Meet three UAE expats who converted to Islam
For some, it was a 'dream' that started it all.
Three different UAE expats have converted to Islam after having dreams of themselves reading the Quran or witnessing historical religious events, according to an Islamic centre in Dubai.
The Kalemah Islamic Centre said the number of converts to Islam is fast growing, with 341 UAE expats who converted from June 2016 to June 2017 - all who have their own unique reasons for converting.
Khaleej Times reported last October that Islam was the fastest growing religion in the world. The Pew Research Centre highlighted that the number of Muslims is expected to increase by 73 per cent - from 1.6 billion in 2010 to 2.8 billion by 2050.
Four UAE residents who converted to Islam spoke to Khaleej Times, including an Indian woman who ended her 20-year marriage after her husband refused to convert after her.
They spoke about why they converted (reverted, according to Islamic beliefs) and their struggles of revealing the news to their families.
Hameeda converted in 2013 and asked her husband of 20 years to convert because, according to Sharia law, Muslim women cannot marry men of other religions.
"I never thought in my life that I would be a Muslim. I gave priority to my religion, which was Christianity," Hadeema said, who was called Anita before.
"I've been living in UAE since 1999 and I always loved listening to the Adhan and the khutba (public Islamic preaching) on Fridays and it seemed a great advice to me spiritually.
"I regularly attended the church every week and one fine day, I left early to church, so I would get the front row seat, but I couldn't find parking, and missed the beginning of the sermon. I got upset and left half way and drove back home.
The following week, I didn't feel like going to church and as time passed by I even stopped reading the bible , which made me sense this change . My son was asking me what was wrong with me.

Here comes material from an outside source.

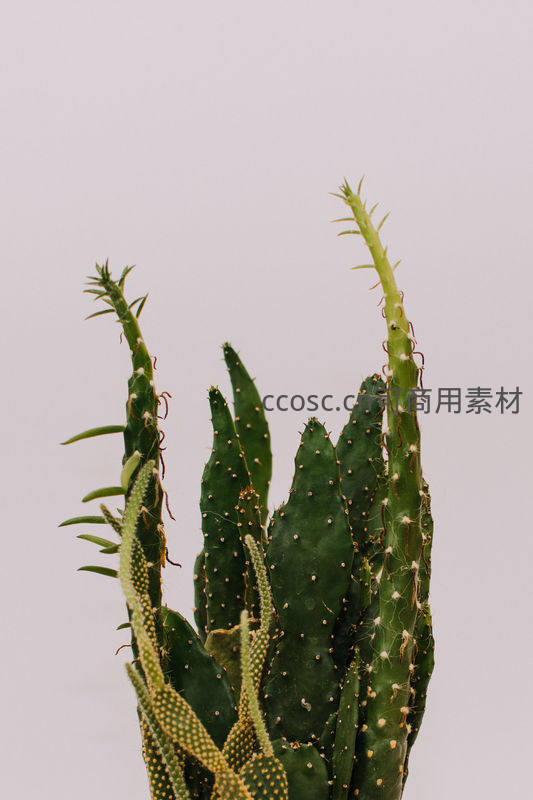 几根向上生长的仙人掌枝条布满细密尖刺,深绿色的表皮与新生嫩芽形成对比,展现其顽强生命力与独特形态。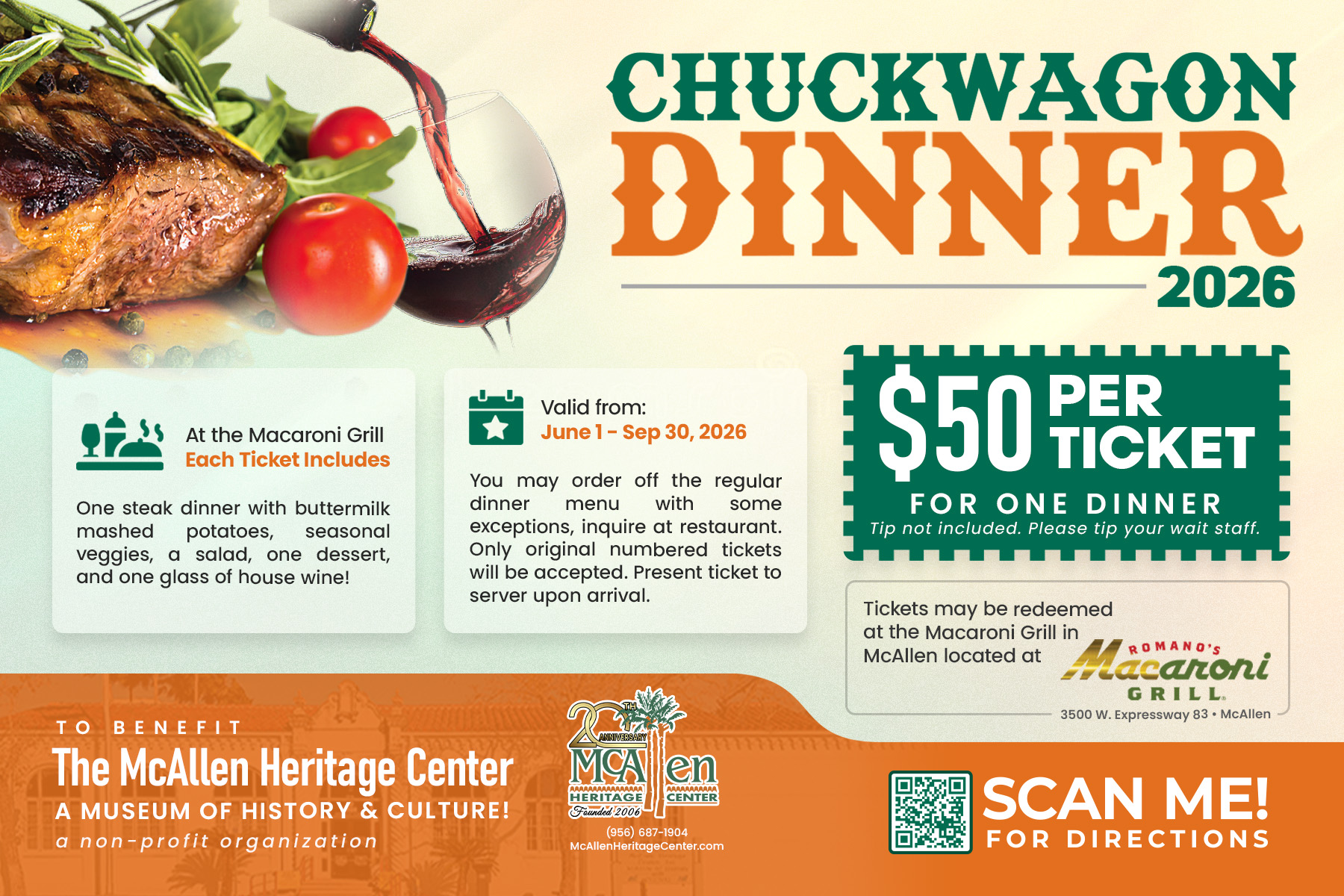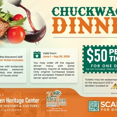 Please support our annual dinner ticket fundraiser! This year, we will continue to offer the popular dinner for two at Macaroni Grill for $80 BUT we are also adding a Single dinner ticket for $50. Scan the QR code to buy your ticket online or buy at the museum during operating hours. All MHC board members and staff will be selling tickets. Call us at 956-681-2860

"I had a Filipina colleague who's also was a revert. I shared about what change I was going through. She took me to a majlis. There, the sheikh acknowledged me about the teaching of Islam and Christianity, after which I self-analysed and began moving towards the spiritual journey of Islam.
Hameeda reverted In 2013 and after 20 years of marriage she decided to part ways from her husband as per sharia law, however, her sisters, family and her son completely supports her decision .Though, her husband was against her decision.
Indian expat Omer converted from Hinduism to Islam in 2014 when his faith in the religion grew stronger after reading the Quran. "I was never a proper Hindu. I always used to find myself questioning things," he said.
"I used to study Hinduism and Buddhism. Then I started studying Christianity. That's when I learned about Islam. There were a lot of similarities in the Quran. I learned that everything was so clear.
It did take me a while to revert, though, because I had been studying Islam for two years."
After Omer's family learned that he had converted, his father cut off communication with him. His family did not attend his wedding because of it. Now, they are warming up to him since the birth of his new child.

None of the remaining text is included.